Improving Variance Estimation for Covariate Adjustment with Binary Outcomes

Source: arXiv:2605.06655 · Published 2026-05-07 · By Kaitlyn Lee, Alex Ocampo, Courtney Schiffman, Michael Friesenhahn, Christina Rabe, Michael Rosenblum

TL;DR

This paper addresses a specific but practically important gap in the clinical trial statistics literature: reliable variance estimation for the standardized (g-computation) average treatment effect estimator when binary outcomes are rare or sample sizes are small. The authors are motivated by FDA 2023 covariate adjustment guidance, which recommends standardization but does not fully resolve the variance estimation problem. Existing influence-function (IF) plug-in estimators and related methods (e.g., ANHECOVA as in RobinCar2) are shown to underestimate variance in finite-sample regimes — particularly when event rates are low or N is small — because the fitted outcome model overfits the training data, causing residuals (Yi - mu_hat) to be artificially small and thus the estimated variance to be downward biased.

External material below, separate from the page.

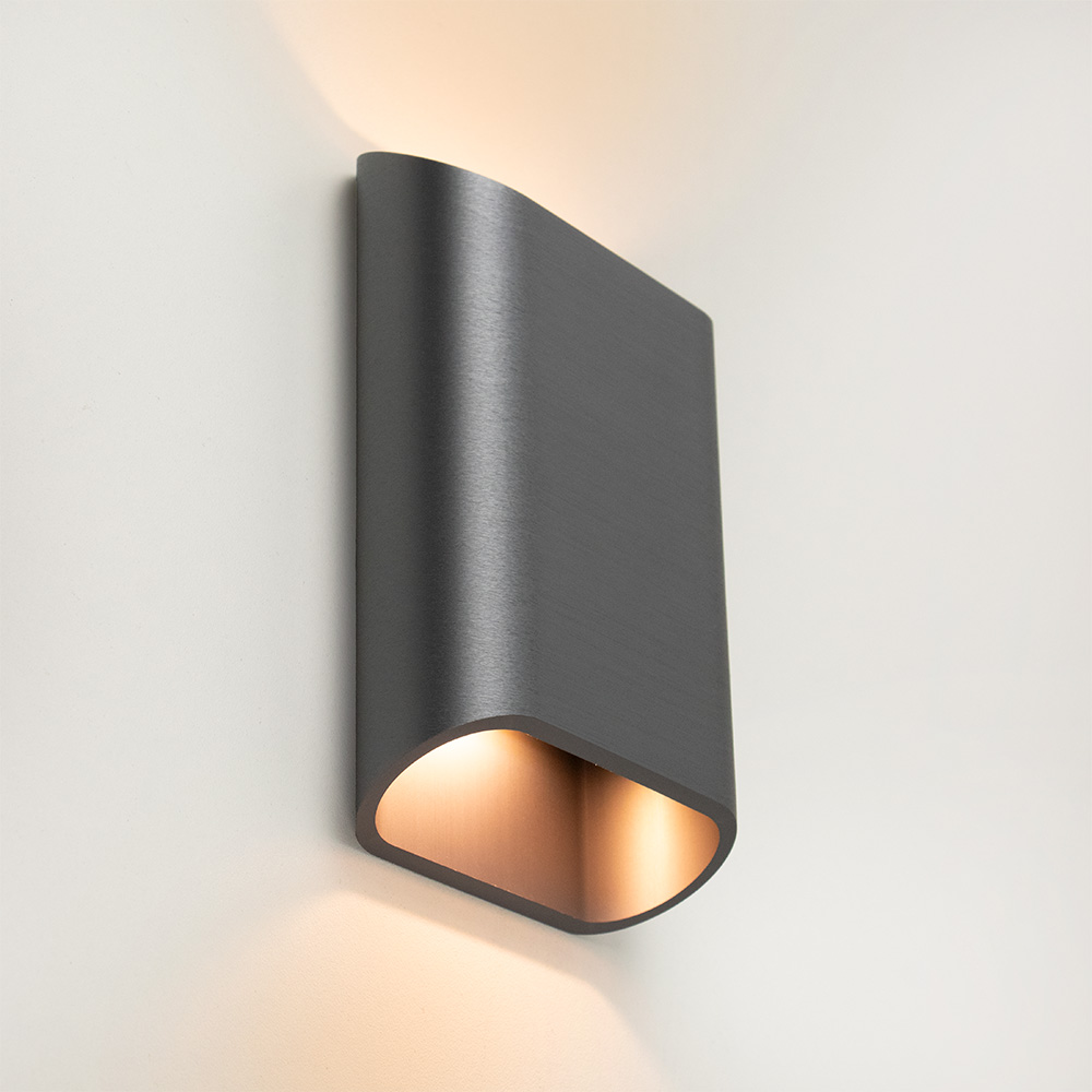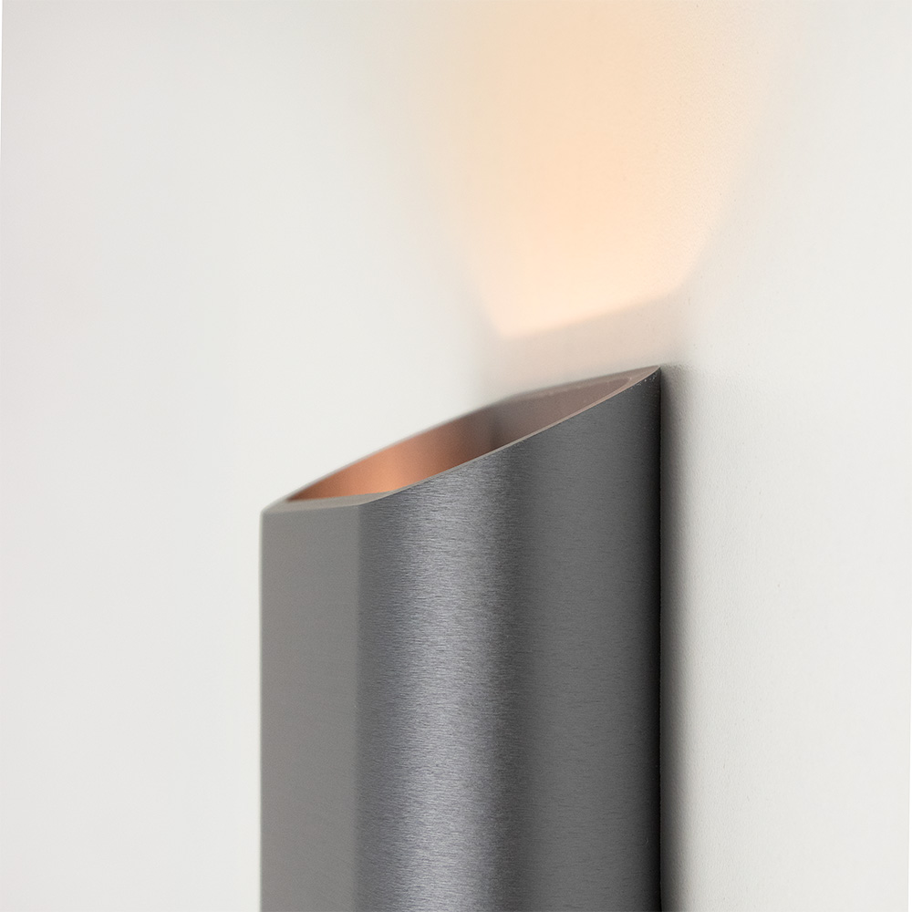 Mooi strak design wandlamp uitgevoerd in de kleur gunmetal. Een mooie sfeermaker voor in de hal, woonkamer of slaapkamer. De wandlamp is klein van stuk maar zorgt voor een groot effect in de ruimte. Deze bronze wandlamp werkt als een up- & downlighter, hij geeft zowel licht naar boven als naar beneden langs de muur doormiddel van geïntergreerd LED. De wandlamp is dimbaar middels een externe dimmer.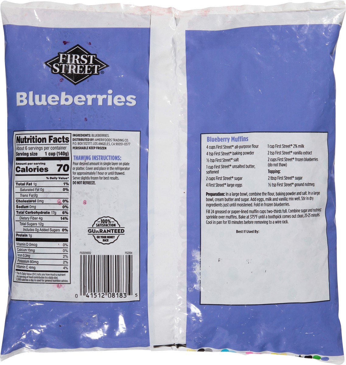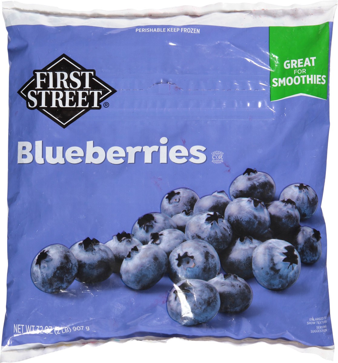 First Street Blueberries, Frozen freshness. First Street Blueberries are picked at peak ripeness and flash-frozen. Perfect for baking muffins, topping oatmeal, or blending into smoothies.

The proposed solution is the IF-LOO estimator: an influence-function-based variance estimator that replaces in-sample predictions with leave-one-out (LOO) predictions, so that when computing the influence function contribution for individual i, the outcome model is retrained on all n-1 other observations. This prevents the residual shrinkage that causes variance underestimation. The authors derive a closed-form expression, prove sqrt(n) consistency and asymptotic normality, and implement it in R with code released in supplementary materials.

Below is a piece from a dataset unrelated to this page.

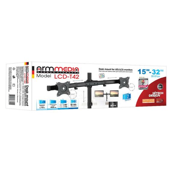 Кронштейн для мониторов ARM Media LCD-T42 черный 15"-32" макс.20кг настольный поворот и наклон верт.перемещ. [10165]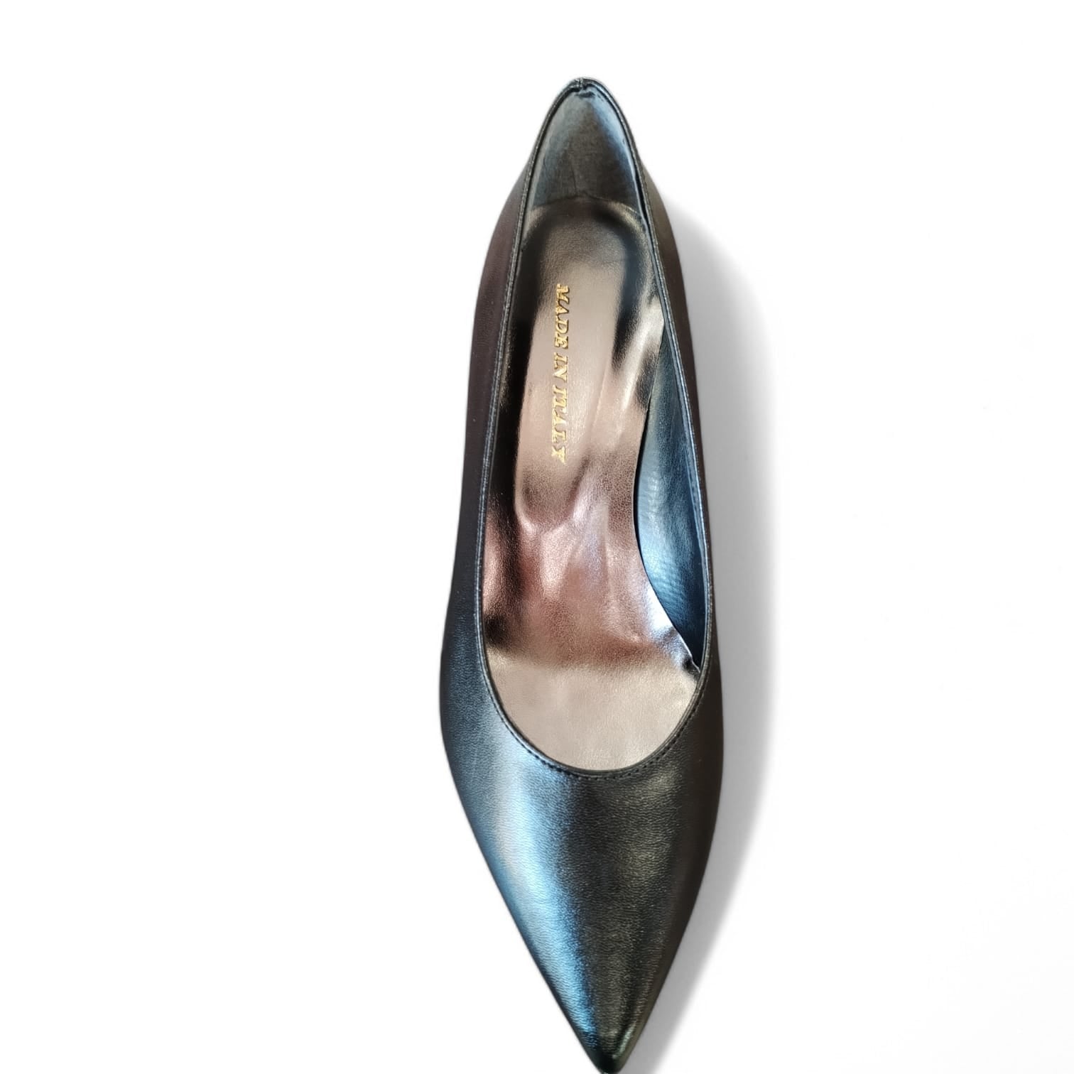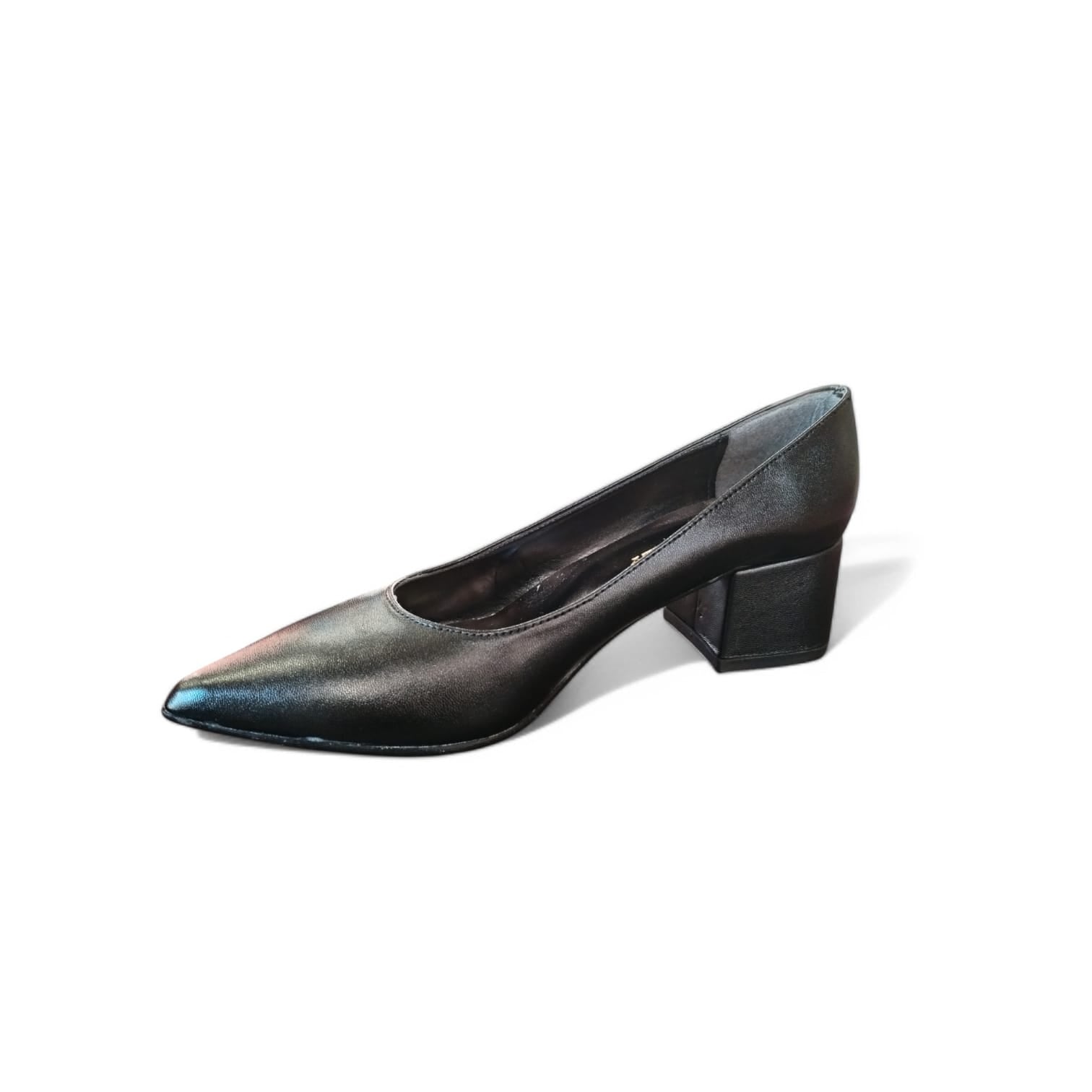 Calzature interamente italiane in ecopelle nera, con un tacco largo che rende la tua scarpa comoda e accessibile per ogni occasione.

Simulation results across two scenarios — (1) N=250, 2.5% placebo event rate and (2) N=50, 25% placebo event rate — with 10,000 replicates each demonstrate that IF-LOO achieves near-nominal 95% coverage and proper type-I error control across all tested true ATE values (0%, 2.5%, 5%, 10%, 15%), while IF plug-in and RobinCar2 exhibit substantial undercoverage (type-I error up to 18.35% at alpha=0.05 in the N=50 scenario). Nonparametric bootstrap matches IF-LOO on coverage but is stochastic, slower, and susceptible to complete-separation failures in small samples.

Key findings

In the N=50, placebo rate=25% scenario, IF Plug-In yields type-I error of 18.35% and RobinCar2 yields 17.18% at the null (ATE=0%), versus IF-LOO's 6.89% and bootstrap's 4.88%, all at nominal alpha=0.05 (Table 2).
In the same N=50 scenario, IF Plug-In coverage ranges from 83.17% to 86.88% across non-null ATEs (2.5%-15%), while IF-LOO stays between 93.37% and 93.88%, bootstrap between 95.13% and 95.42%, all versus nominal 95% (Table 2).
In the N=250, placebo rate=2.5% scenario, IF Plug-In type-I error is 11.83% and RobinCar2 is 11.80% at the null, compared to IF-LOO's 5.52% and the unadjusted analysis's 5.29% (Table 1).
In the N=250 scenario, IF Plug-In coverage at ATE=2.5% is 91.14% and RobinCar2 is 91.43%, while IF-LOO achieves 94.35% coverage, showing undercoverage persists even at moderate sample sizes when event rates are low (Table 1).
IF-LOO converges in coverage to approximately 94.83% at ATE=15% in the N=250 scenario while IF Plug-In reaches only 93.56%, confirming the LOO correction remains relevant even as ATE grows in the low-event-rate setting (Table 1).
The nonparametric bootstrap (1000 samples) matches or slightly exceeds IF-LOO in coverage in both scenarios but exhibits Monte Carlo variability, is susceptible to complete-separation failures in small samples causing invalid bootstrap distributions, and is not deterministic — making it less suitable for double-coded clinical trial programming.
The IF-LOO estimator has a closed-form expression (Equation 7 in the paper), requires only n additional logistic regression fits (one per subject), and is proven sqrt(n) consistent and asymptotically normal under Conditions 1-4 (Appendix A), distinguishing it from bootstrap-based approaches.
A correctly specified working model, while optimal for point estimation efficiency, is precisely the regime most prone to variance underestimation by IF plug-in methods because overfitting of residuals is maximized — the simulations deliberately use a correctly specified model to stress-test this worst case.

Methodology — deep read

The threat model and inferential setting are not adversarial in a security sense but rather statistical: the adversary is finite-sample bias in variance estimators. The assumed setting is a 1:1 randomized controlled trial (or any known randomization probability pi_0) under the potential outcomes framework (Neyman-Rubin). The estimand is the marginal average treatment effect (ATE) as a risk difference. Key assumptions are: iid observations, no unmeasured confounding (guaranteed by randomization), consistency of potential outcomes, and existence of a population maximizer beta* of the expected logistic log-likelihood. The working logistic regression model need not be correctly specified for point estimation consistency, but simulations deliberately use a correctly specified model to isolate the worst case for variance underestimation.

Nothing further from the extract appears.